Estimation domain jumpers
Before proceeding to post-stratification, we had to account for cases in which the age derived from the date of birth reported in the CSD did not match the age group to which the case was assigned on the basis of the sampling frame. This situation is possible since the date of birth in the NHS frame may have been missing and been imputed, or it may have been incorrectly reported or captured. We found just under 300 cases where this had occurred. We compared their weights following the adjustment for extreme weights in the previous step with the distribution of weights in their new domain. When the individual’s weight fell within the range of weights in the new domain, it was retained with no change. On the other hand, if it fell outside the range of weights in the new domain, it was changed to the new domain’s minimum value (if it was below the range) or maximum value (if it was above the range). In this step, we adjusted the weight of 35 individuals in the CSD sample.
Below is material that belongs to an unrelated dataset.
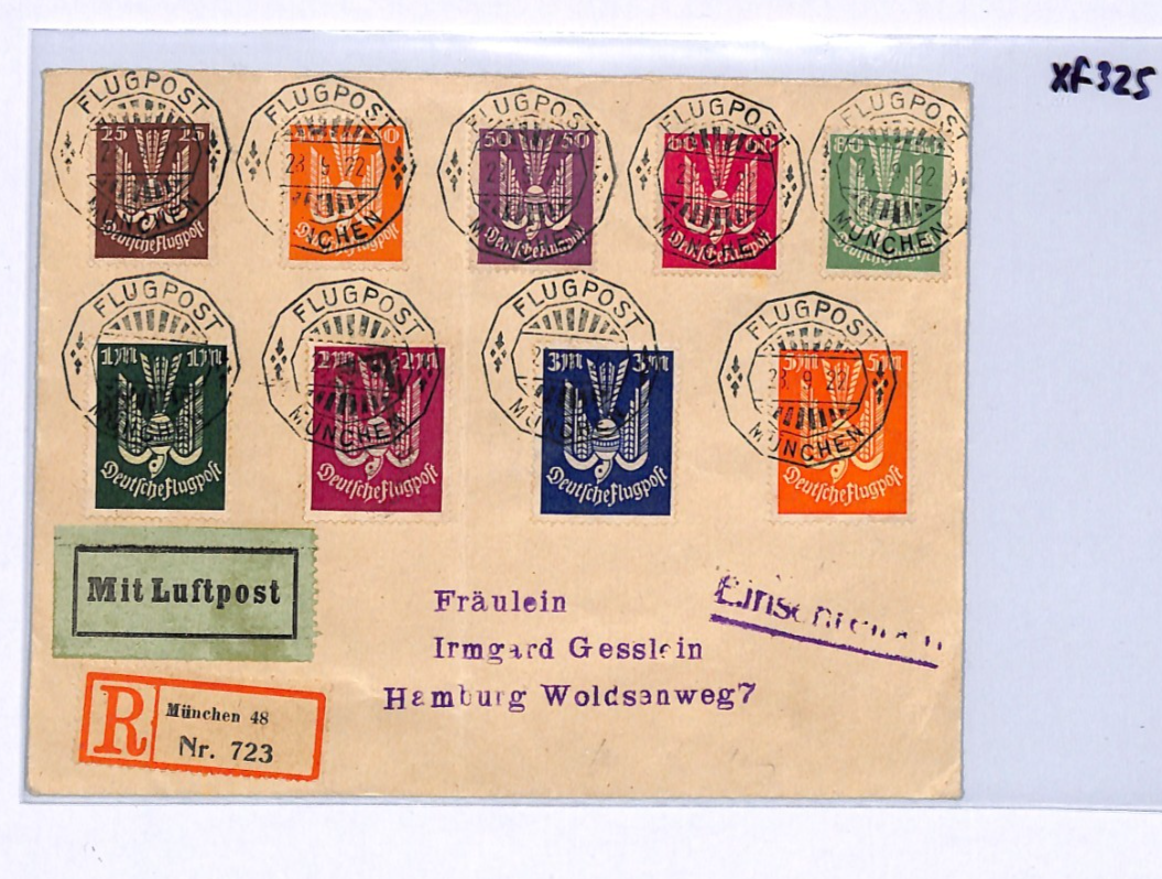 GERMANY Cover 1922 Air Mail CARRIER PIGEON Set 5m Munich Reg Hamburg BIRDS XF325

Post-stratification and out-of-scope adjustment
Two separate post-stratification steps were needed to obtain the final weights. These steps were done for both the YES sample and NO sample.
The first post-stratification involved adjusting the weights of CSD respondents (out-of-scope cases, respondents with a disability, and respondents without a disability) to obtain the same totals as in the NHS for the YES population by province, age group, sex and severity. Severity refers to the severity reported in the NHS: either “often” or “sometimes”. Post-stratification was performed on the following age groups: 15-19, 20-24, 25-29, …, 60-64, 65-79, 75+.
The same post-stratification was carried out on the NO sample starting from the initial weights computed earlier.
The first post-stratification was performed independently for the YES and NO populations. The control totals were calculated from the NHS dissemination database for the population aged 15 and over living in private dwellings, excluding reserves.
The main purpose of the second post-stratification was to adjust the weights of the NO sample in order to estimate the proportion of the population that was out of scope in the fall of 2012. Nonetheless, this step was performed on both the YES sample and NO sample. Since CSD collection took place about a year and a half after the NHS, a large number of out-of-scope units were found in the YES sample, representing about 235,000 individuals in the YES population. Because these out-of-scope cases must be excluded from the disability rates, it is important to try to remove the out-of-scope cases from the denominator (which consists of the YES and NO populations) as well. Otherwise, we may underestimate the disability rates. As the NO sample was not sent to collection, we had to find an indirect method of estimating and excluding the out-of-scope cases. The strategy used to estimate the number of out-of-scope cases in the NO population, as we will see, depends on the type of out-of-scope case and the available information.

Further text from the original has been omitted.